[Opening Entries shown section]

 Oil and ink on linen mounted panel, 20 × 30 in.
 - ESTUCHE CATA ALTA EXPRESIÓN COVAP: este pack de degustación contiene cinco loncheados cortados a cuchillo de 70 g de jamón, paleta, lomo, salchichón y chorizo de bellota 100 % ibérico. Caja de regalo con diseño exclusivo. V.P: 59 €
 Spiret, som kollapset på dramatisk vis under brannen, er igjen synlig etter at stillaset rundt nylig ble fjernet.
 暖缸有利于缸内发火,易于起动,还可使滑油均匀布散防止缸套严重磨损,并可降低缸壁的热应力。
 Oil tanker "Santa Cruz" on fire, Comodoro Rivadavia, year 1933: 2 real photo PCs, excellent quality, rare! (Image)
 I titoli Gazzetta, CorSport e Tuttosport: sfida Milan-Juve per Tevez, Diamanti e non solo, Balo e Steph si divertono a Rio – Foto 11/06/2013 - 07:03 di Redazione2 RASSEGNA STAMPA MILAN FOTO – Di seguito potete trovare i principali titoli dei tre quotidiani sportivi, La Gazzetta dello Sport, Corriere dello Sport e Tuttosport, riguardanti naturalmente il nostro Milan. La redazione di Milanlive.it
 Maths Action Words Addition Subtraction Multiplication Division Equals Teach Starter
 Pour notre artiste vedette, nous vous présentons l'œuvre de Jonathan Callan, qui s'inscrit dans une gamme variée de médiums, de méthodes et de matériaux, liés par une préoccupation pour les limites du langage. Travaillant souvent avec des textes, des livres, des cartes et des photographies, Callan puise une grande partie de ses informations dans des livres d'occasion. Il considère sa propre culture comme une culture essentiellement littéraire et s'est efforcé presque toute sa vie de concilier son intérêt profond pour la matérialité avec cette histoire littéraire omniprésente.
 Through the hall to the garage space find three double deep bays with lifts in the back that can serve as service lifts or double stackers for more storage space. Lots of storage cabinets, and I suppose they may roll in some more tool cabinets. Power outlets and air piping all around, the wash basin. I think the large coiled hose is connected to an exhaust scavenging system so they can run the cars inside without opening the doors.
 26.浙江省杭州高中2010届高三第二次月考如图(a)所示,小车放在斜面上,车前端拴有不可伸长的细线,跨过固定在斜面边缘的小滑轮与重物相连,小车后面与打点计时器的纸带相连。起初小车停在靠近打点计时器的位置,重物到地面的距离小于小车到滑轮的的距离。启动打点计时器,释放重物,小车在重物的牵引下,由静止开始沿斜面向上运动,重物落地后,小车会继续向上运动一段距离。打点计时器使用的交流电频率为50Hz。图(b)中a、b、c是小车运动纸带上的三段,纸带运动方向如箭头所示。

[Closing Entries shown section]

Your objective – Please reproduce each entry above exactly as it reads.

Reply –
 Oil and ink on linen mounted panel, 20 × 30 in.
 - ESTUCHE CATA ALTA EXPRESIÓN COVAP: este pack de degustación contiene cinco loncheados cortados a cuchillo de 70 g de jamón, paleta, lomo, salchichón y chorizo de bellota 100 % ibérico. Caja de regalo con diseño exclusivo. V.P: 59 €
 Spiret, som kollapset på dramatisk vis under brannen, er igjen synlig etter at stillaset rundt nylig ble fjernet.
 暖缸有利于缸内发火,易于起动,还可使滑油均匀布散防止缸套严重磨损,并可降低缸壁的热应力。
 Oil tanker "Santa Cruz" on fire, Comodoro Rivadavia, year 1933: 2 real photo PCs, excellent quality, rare! (Image)
 I titoli Gazzetta, CorSport e Tuttosport: sfida Milan-Juve per Tevez, Diamanti e non solo, Balo e Steph si divertono a Rio – Foto 11/06/2013 - 07:03 di Redazione2 RASSEGNA STAMPA MILAN FOTO – Di seguito potete trovare i principali titoli dei tre quotidiani sportivi, La Gazzetta dello Sport, Corriere dello Sport e Tuttosport, riguardanti naturalmente il nostro Milan. La redazione di Milanlive.it
 Maths Action Words Addition Subtraction Multiplication Division Equals Teach Starter
 Pour notre artiste vedette, nous vous présentons l'œuvre de Jonathan Callan, qui s'inscrit dans une gamme variée de médiums, de méthodes et de matériaux, liés par une préoccupation pour les limites du langage. Travaillant souvent avec des textes, des livres, des cartes et des photographies, Callan puise une grande partie de ses informations dans des livres d'occasion. Il considère sa propre culture comme une culture essentiellement littéraire et s'est efforcé presque toute sa vie de concilier son intérêt profond pour la matérialité avec cette histoire littéraire omniprésente.
 Through the hall to the garage space find three double deep bays with lifts in the back that can serve as service lifts or double stackers for more storage space. Lots of storage cabinets, and I suppose they may roll in some more tool cabinets. Power outlets and air piping all around, the wash basin. I think the large coiled hose is connected to an exhaust scavenging system so they can run the cars inside without opening the doors.
 26.浙江省杭州高中2010届高三第二次月考如图(a)所示,小车放在斜面上,车前端拴有不可伸长的细线,跨过固定在斜面边缘的小滑轮与重物相连,小车后面与打点计时器的纸带相连。起初小车停在靠近打点计时器的位置,重物到地面的距离小于小车到滑轮的的距离。启动打点计时器,释放重物,小车在重物的牵引下,由静止开始沿斜面向上运动,重物落地后,小车会继续向上运动一段距离。打点计时器使用的交流电频率为50Hz。图(b)中a、b、c是小车运动纸带上的三段,纸带运动方向如箭头所示。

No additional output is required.